*** Block opens ***
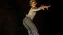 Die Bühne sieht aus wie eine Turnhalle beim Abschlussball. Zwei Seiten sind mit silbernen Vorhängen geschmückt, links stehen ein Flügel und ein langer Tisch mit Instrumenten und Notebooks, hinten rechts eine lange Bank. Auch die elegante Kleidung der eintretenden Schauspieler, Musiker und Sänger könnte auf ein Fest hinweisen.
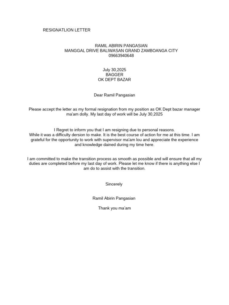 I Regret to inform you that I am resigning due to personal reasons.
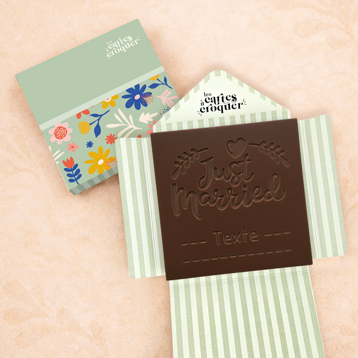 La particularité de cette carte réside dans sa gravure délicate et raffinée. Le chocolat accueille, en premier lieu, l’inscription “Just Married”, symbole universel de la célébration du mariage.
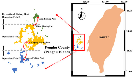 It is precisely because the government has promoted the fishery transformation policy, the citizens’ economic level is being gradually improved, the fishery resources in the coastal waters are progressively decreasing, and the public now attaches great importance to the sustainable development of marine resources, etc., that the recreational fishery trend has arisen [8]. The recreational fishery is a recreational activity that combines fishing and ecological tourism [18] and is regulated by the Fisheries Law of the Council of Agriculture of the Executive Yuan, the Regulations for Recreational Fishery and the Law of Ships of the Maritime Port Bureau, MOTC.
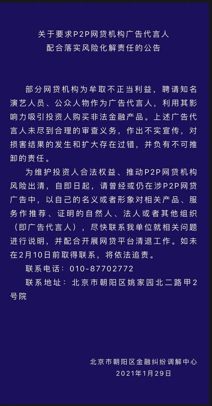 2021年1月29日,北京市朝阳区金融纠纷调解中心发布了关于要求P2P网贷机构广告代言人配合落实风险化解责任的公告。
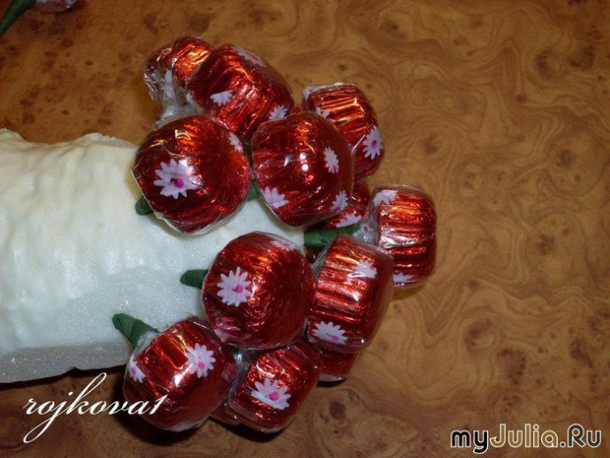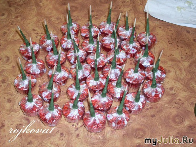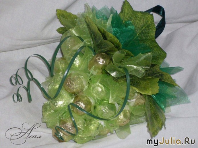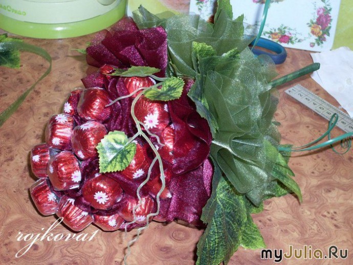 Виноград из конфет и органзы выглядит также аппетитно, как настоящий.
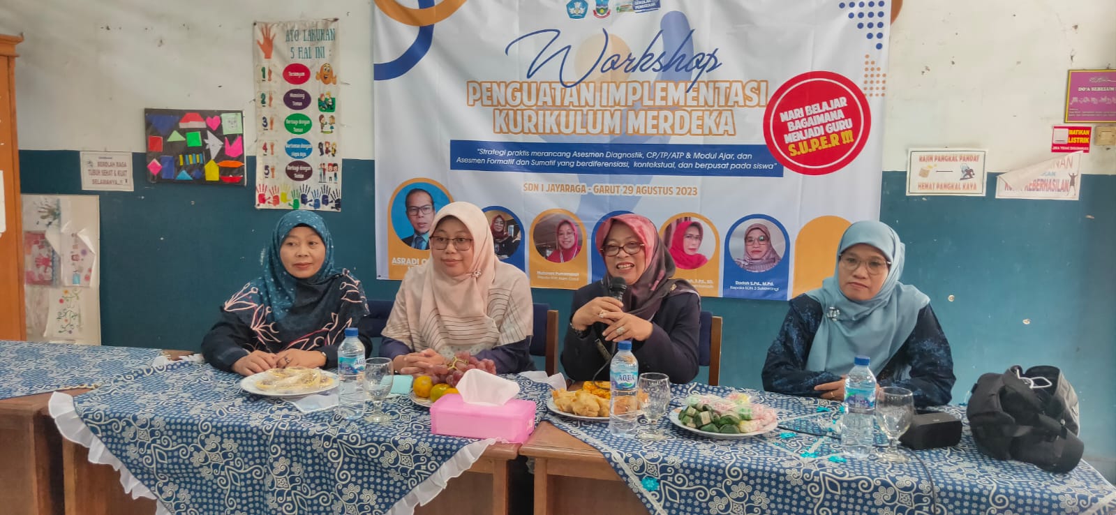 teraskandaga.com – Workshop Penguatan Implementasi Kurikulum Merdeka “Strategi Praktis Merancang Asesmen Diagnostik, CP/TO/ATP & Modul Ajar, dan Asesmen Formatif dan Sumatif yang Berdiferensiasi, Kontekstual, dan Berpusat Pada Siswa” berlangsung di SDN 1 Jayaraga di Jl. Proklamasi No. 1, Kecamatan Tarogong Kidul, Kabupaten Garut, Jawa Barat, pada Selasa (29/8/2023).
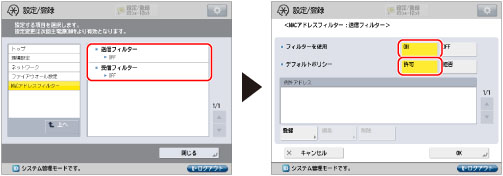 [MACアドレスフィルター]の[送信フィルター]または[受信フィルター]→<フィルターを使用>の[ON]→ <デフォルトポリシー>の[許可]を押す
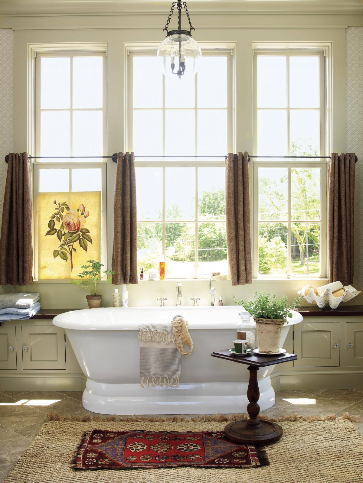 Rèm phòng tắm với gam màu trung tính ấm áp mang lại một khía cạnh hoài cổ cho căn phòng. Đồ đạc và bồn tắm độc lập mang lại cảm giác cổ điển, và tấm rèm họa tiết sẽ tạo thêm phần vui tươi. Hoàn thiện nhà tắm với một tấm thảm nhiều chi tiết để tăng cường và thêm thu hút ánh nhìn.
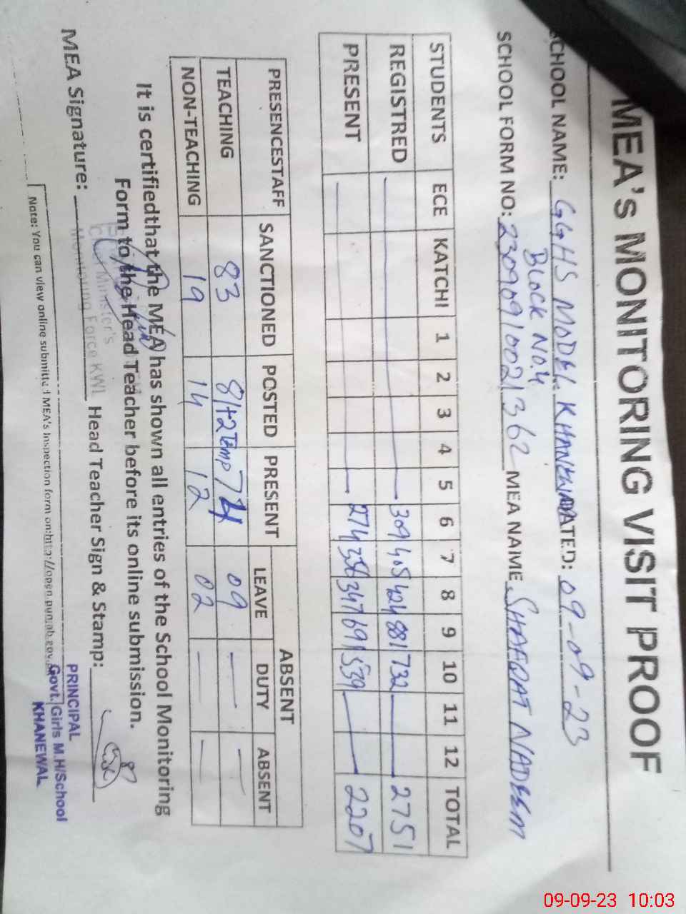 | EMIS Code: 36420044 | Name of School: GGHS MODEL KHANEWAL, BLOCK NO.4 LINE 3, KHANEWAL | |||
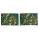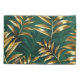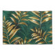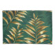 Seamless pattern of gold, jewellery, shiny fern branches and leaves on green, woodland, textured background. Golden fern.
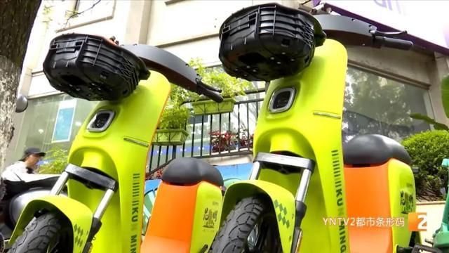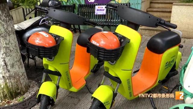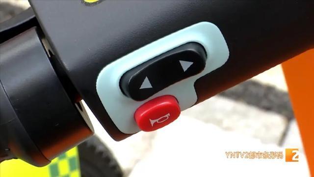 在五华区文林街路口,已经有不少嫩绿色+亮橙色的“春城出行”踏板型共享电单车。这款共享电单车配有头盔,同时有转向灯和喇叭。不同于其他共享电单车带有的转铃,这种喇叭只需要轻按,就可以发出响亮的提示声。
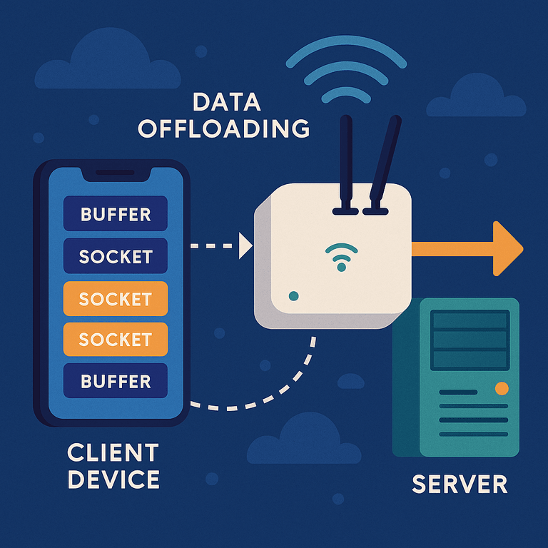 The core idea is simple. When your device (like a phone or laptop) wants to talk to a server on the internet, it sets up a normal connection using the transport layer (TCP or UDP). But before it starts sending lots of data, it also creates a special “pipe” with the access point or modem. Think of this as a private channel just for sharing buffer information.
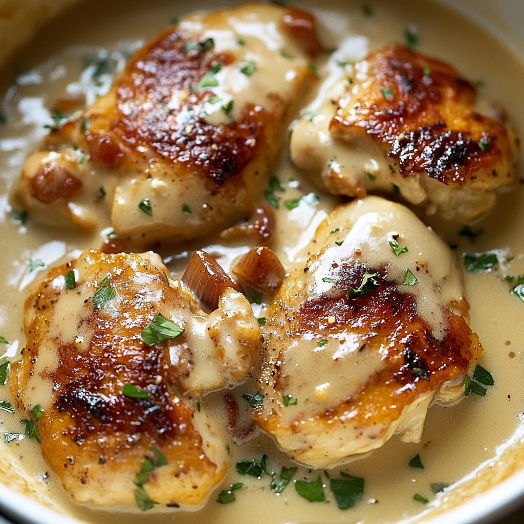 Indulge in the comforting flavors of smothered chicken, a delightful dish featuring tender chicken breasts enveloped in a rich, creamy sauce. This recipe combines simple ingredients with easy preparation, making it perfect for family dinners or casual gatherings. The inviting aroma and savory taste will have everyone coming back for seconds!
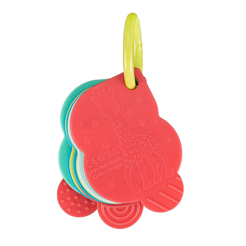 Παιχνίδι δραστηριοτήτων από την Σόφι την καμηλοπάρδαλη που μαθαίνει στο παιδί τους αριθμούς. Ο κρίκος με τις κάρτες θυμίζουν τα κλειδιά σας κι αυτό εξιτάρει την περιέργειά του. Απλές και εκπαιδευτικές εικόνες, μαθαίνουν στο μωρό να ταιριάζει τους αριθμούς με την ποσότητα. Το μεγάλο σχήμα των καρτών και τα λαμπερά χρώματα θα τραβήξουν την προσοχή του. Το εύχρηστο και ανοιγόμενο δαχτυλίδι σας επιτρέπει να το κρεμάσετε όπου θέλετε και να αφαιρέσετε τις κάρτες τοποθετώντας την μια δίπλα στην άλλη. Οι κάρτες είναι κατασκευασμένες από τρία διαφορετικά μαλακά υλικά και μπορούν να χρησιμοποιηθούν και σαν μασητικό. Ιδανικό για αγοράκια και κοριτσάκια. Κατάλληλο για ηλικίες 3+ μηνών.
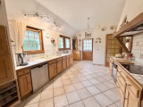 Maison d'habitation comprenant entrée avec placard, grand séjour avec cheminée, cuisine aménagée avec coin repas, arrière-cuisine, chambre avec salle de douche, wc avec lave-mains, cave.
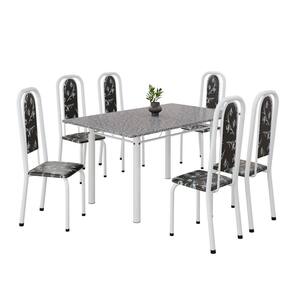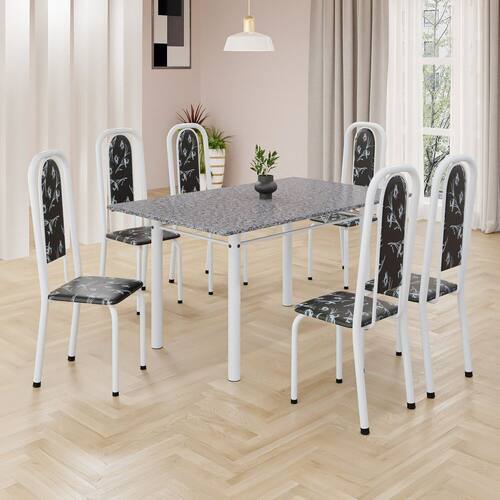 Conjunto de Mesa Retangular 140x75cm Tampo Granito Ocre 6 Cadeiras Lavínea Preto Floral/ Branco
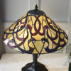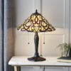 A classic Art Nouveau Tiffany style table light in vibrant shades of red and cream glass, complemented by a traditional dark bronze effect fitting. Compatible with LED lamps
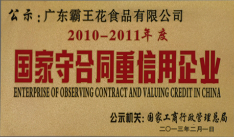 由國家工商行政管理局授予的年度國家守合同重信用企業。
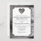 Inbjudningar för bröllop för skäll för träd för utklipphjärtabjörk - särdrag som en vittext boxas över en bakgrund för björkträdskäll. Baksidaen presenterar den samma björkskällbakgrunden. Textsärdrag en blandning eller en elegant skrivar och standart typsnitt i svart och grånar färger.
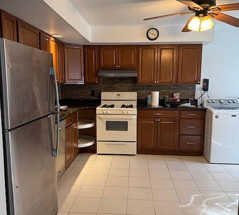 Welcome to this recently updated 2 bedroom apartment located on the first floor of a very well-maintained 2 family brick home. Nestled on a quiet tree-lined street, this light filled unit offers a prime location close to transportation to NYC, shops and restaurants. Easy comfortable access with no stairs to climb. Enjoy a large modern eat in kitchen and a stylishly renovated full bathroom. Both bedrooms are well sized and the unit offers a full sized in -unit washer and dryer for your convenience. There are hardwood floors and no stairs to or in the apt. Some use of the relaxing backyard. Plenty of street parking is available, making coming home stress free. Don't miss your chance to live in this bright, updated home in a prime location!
*** Block closes ***
# PROMPT:
Quote only what lies between the first line of the records and the line containing "La particularité de", please, including both lines and excluding images.

# TASK RESPONSE:
 Die Bühne sieht aus wie eine Turnhalle beim Abschlussball. Zwei Seiten sind mit silbernen Vorhängen geschmückt, links stehen ein Flügel und ein langer Tisch mit Instrumenten und Notebooks, hinten rechts eine lange Bank. Auch die elegante Kleidung der eintretenden Schauspieler, Musiker und Sänger könnte auf ein Fest hinweisen.
 I Regret to inform you that I am resigning due to personal reasons.
 La particularité de cette carte réside dans sa gravure délicate et raffinée. Le chocolat accueille, en premier lieu, l’inscription “Just Married”, symbole universel de la célébration du mariage.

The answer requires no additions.